Updating Let's Encrypt certificates
• Mark Eschbach
I’ve got a terrible secret. I’ve let some of my public facing websites x509 certs lapse. I don’t mind too much as long as it’s a date issue. The people who actually consume my services are a bit annoyed with me about it though. It’s time to update at least one and see what the process is again.
Now time to figure out how I configured this. Like a detective. THough I haven’t left very many clues.
Bingo: Found the descriptors in my nginx dyanmic proxy. That thing works well enough I almost forgot about it. Totally great when that happens.
Hmm, let’s see.
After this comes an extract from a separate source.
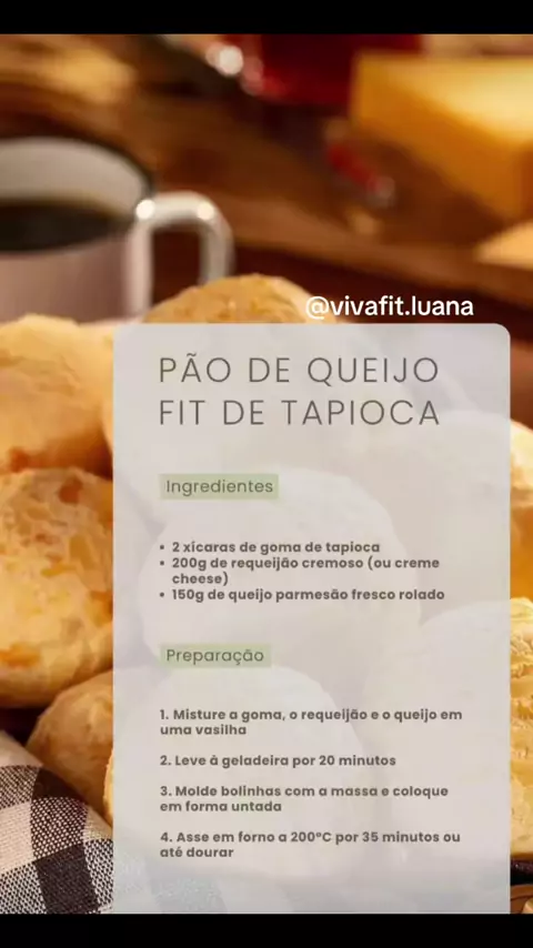 🧀✨ Quer matar a vontade de pão de queijo sem sair da dieta? Conheça o Pão de Queijo Fit de Tapioca — crocante por fora, macio por dentro e 100% sem culpa! 😍
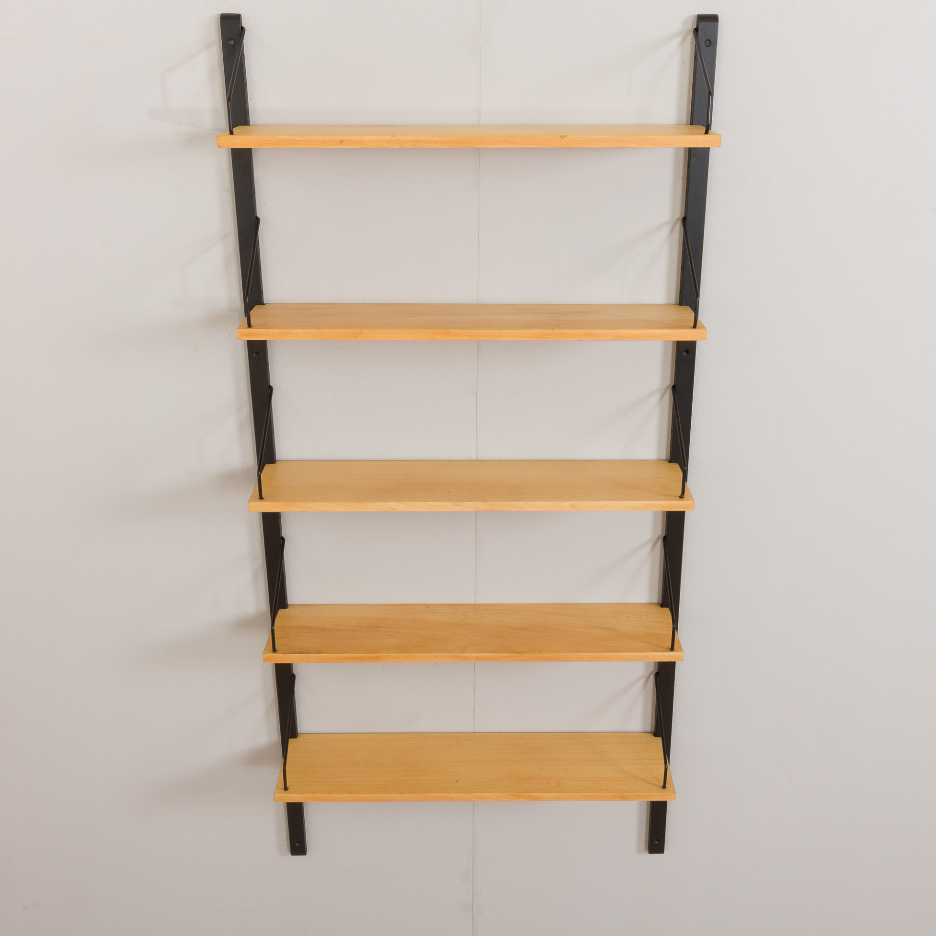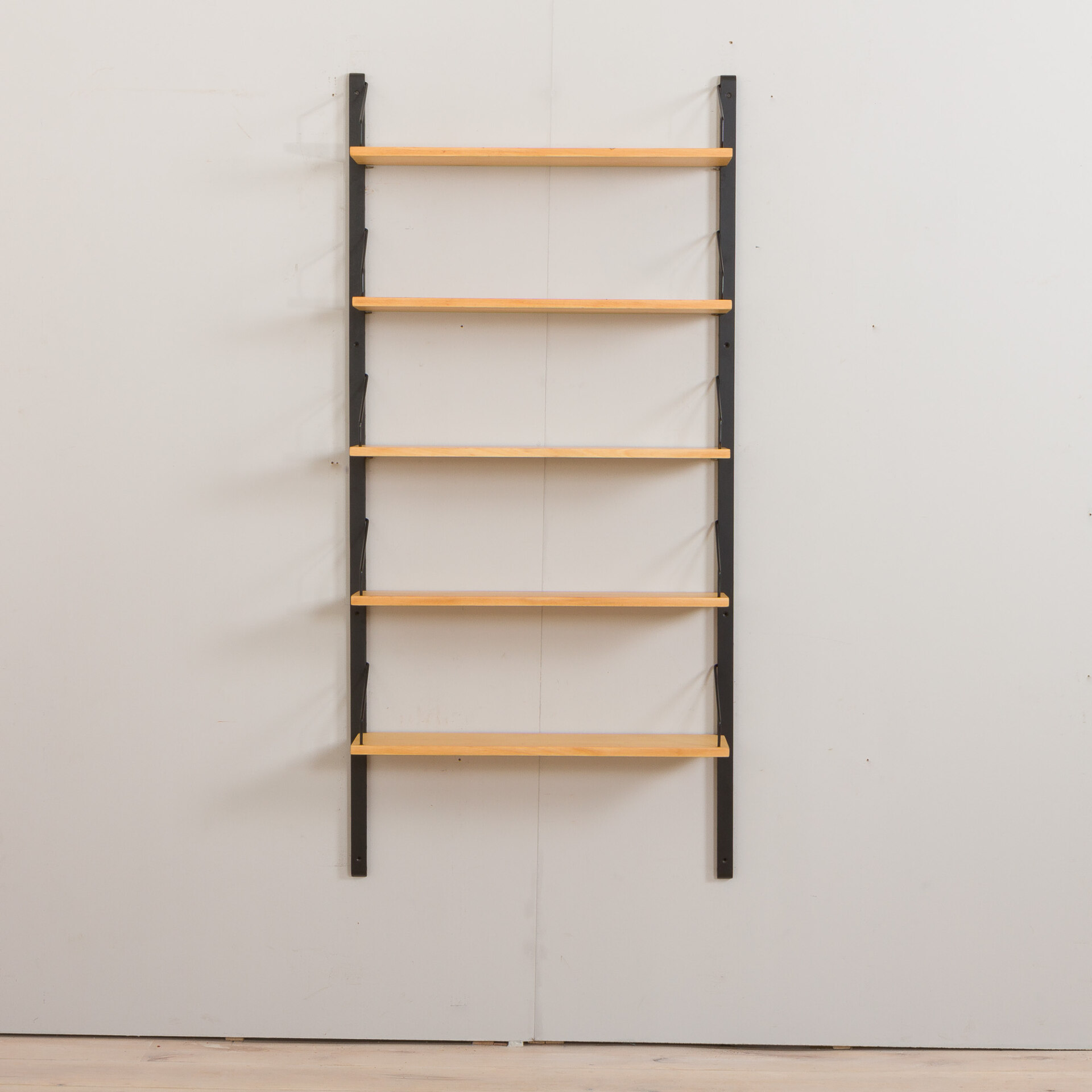 Vintage danish bookshelves hanging on solid wood black-varnished rails are a pretty composition to expose books and decorations. This set, designed in the style of Poul Cadovius, comes from the 1960s and is made of solid birch, rare in Danish design. It is a modular wall unit with adjustable hight of the shelves.

The command for Let’s Encrypt is letsencrypt
. I don’t remember where I left my configuration directories but I’m pretty sure I didn’t run it as root
. It dumps a really ugly Python error though. Sweet, easily found with my other adminitrative stuff. Well, now that I’ve stopped it from barfing I need to figure out how to actually drive it. Cool! It’s as simple as running renew
. I broke the tool though because I am using the manual configuration. One of these days I’ll figure out how to automate it.
Okay, after a bit of not remembering I need to prefix URLs in the application, I got it ot update.
So the files are under the etc/live/{site}/fullchain.pem
and etc/live/{site}/privatekey.pem
. Put those in the right place and you are ready to go.